# What to produce:
In the listing that follows, find the line with "Abito da sposa", then copy exactly from it through the line with "في إطار التعاون", leaving out every picture.

# Entries provided:
* * *
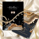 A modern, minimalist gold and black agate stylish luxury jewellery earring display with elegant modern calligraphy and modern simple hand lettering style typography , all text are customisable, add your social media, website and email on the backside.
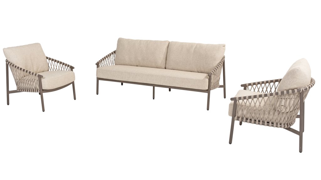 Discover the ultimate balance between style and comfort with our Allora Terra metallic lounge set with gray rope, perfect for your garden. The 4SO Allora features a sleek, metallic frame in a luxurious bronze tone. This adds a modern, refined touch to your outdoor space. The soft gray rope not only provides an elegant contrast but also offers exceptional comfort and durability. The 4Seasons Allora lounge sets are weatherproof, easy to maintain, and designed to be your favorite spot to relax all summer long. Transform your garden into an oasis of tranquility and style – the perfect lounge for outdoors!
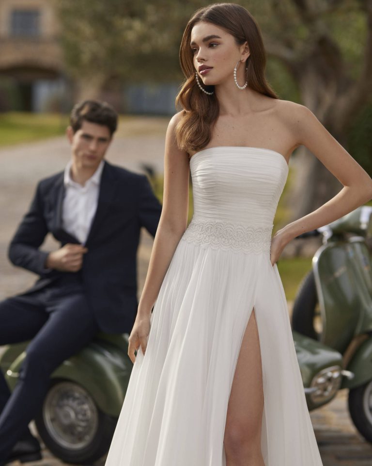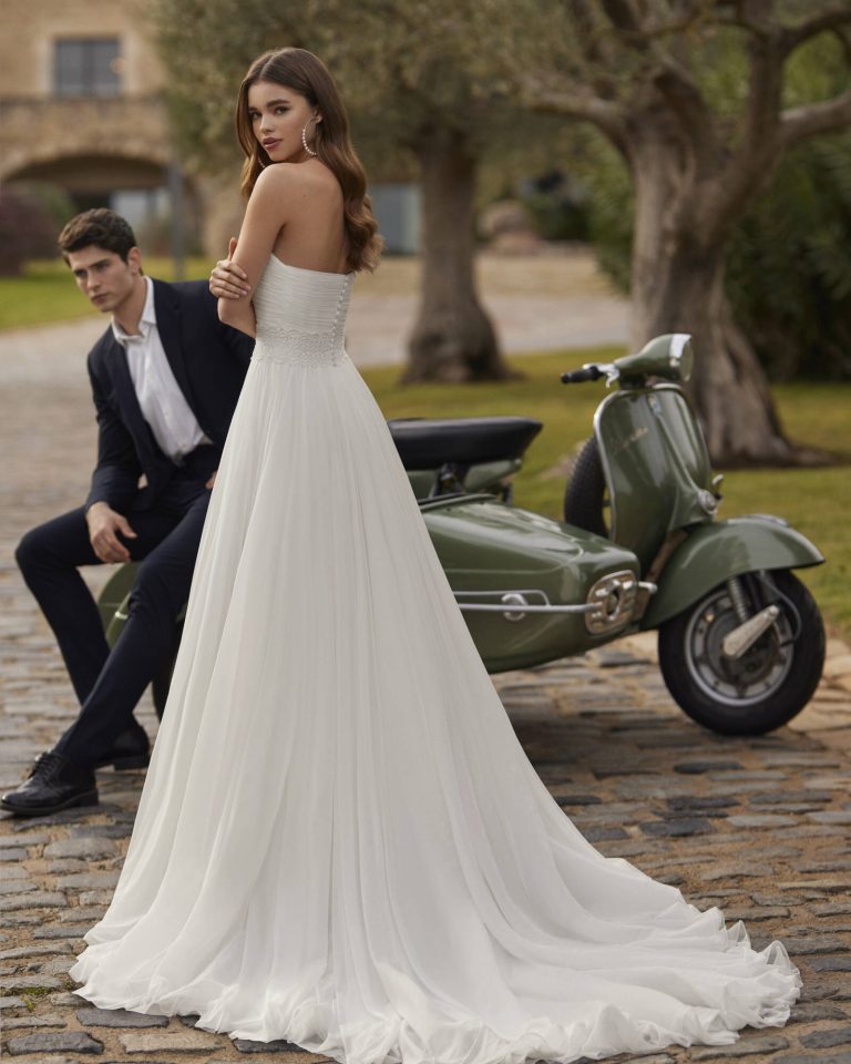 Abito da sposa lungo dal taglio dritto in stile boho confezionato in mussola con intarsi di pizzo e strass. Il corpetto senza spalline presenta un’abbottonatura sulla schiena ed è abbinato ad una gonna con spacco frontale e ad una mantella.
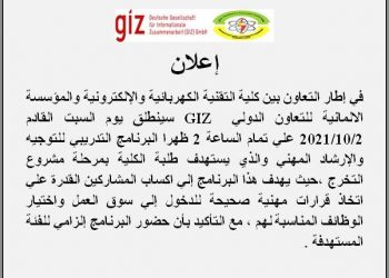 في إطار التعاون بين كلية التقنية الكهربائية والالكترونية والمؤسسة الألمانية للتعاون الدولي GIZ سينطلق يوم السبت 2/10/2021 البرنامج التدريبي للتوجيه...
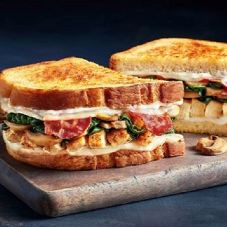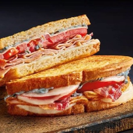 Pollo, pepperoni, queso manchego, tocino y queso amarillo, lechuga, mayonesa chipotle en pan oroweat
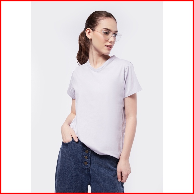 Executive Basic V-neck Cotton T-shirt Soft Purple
* * *
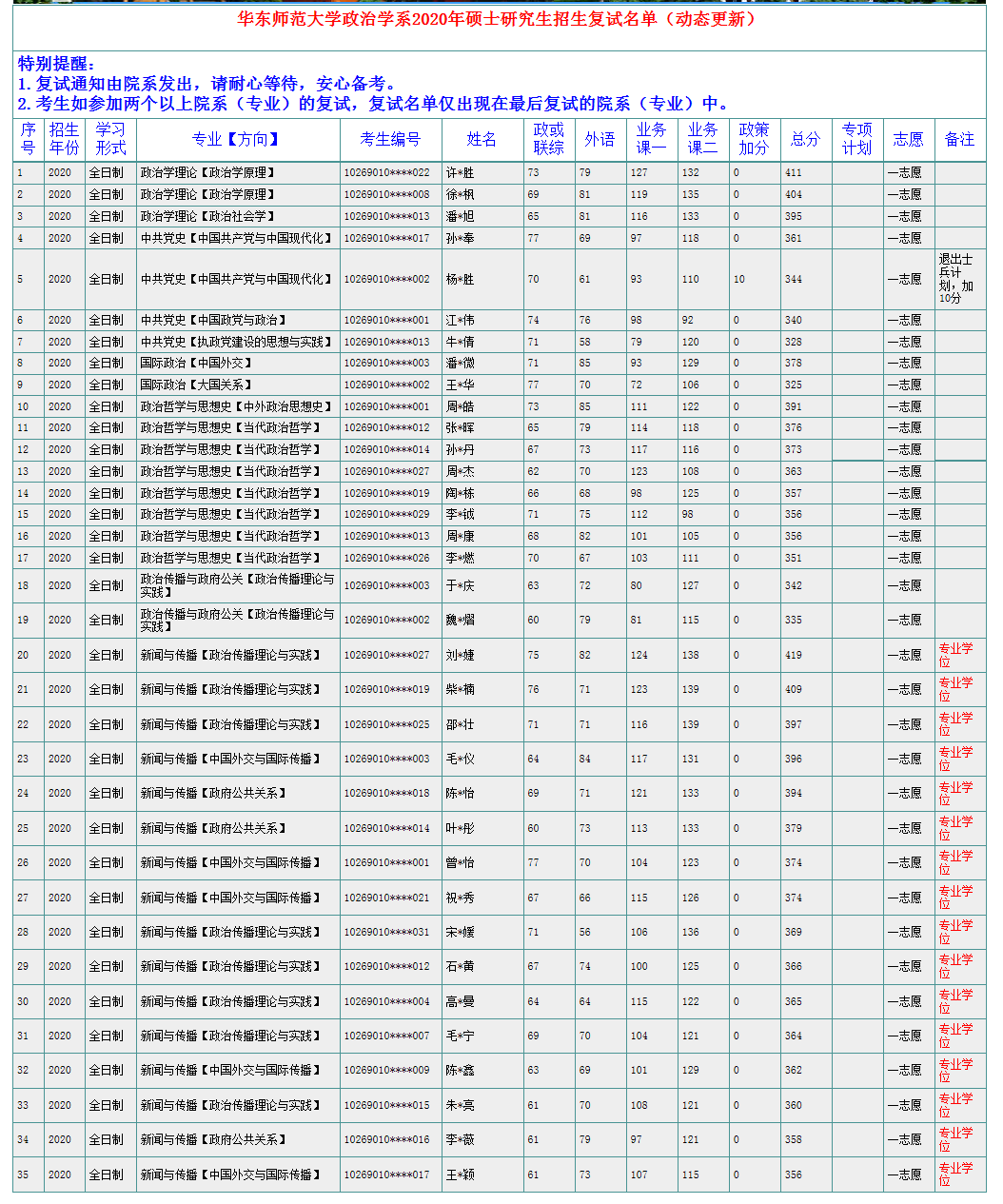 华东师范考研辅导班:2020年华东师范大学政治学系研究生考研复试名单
* * *
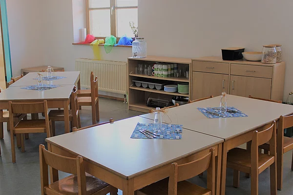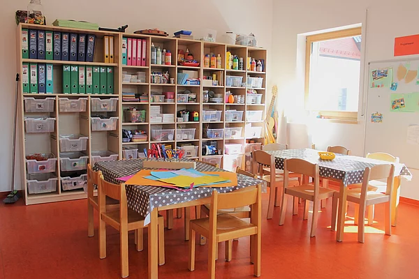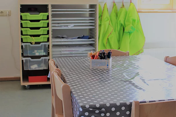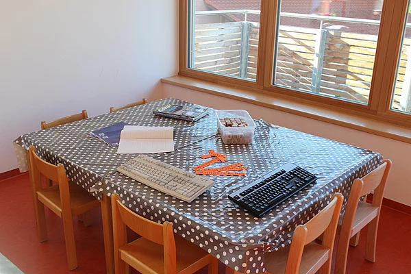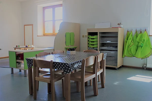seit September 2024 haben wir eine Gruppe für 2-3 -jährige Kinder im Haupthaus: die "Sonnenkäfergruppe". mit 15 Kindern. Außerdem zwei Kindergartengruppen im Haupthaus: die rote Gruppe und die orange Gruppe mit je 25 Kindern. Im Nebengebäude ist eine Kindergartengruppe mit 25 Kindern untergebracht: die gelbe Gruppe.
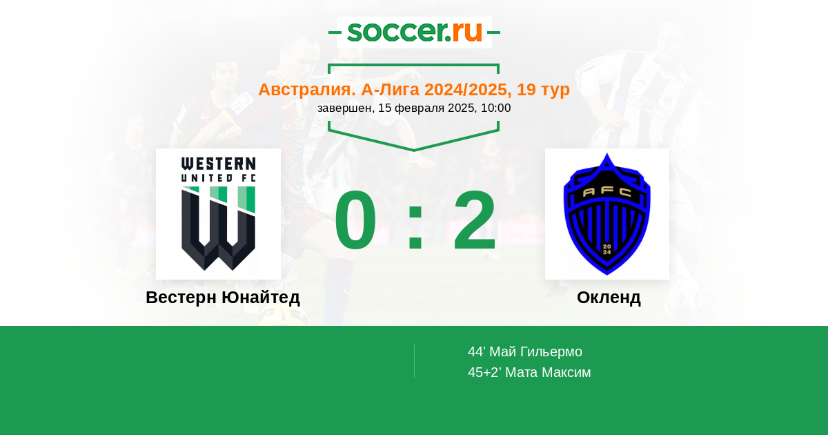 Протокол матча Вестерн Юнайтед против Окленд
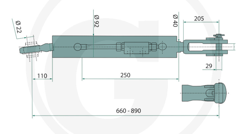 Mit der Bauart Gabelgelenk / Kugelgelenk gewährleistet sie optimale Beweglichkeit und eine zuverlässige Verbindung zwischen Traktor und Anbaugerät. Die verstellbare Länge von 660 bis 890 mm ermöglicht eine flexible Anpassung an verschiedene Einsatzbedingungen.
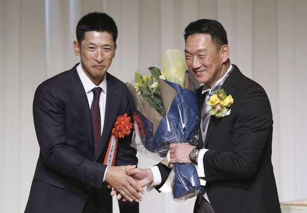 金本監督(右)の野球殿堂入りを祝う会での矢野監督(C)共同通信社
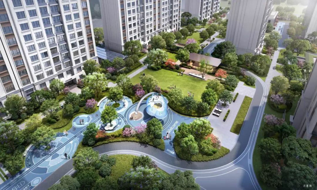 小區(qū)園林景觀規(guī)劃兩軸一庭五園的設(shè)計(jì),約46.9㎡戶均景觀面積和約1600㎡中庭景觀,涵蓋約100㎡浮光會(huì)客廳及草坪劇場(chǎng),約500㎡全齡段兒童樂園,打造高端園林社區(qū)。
* * *
# Written answer:
 Abito da sposa lungo dal taglio dritto in stile boho confezionato in mussola con intarsi di pizzo e strass. Il corpetto senza spalline presenta un’abbottonatura sulla schiena ed è abbinato ad una gonna con spacco frontale e ad una mantella.
 في إطار التعاون بين كلية التقنية الكهربائية والالكترونية والمؤسسة الألمانية للتعاون الدولي GIZ سينطلق يوم السبت 2/10/2021 البرنامج التدريبي للتوجيه...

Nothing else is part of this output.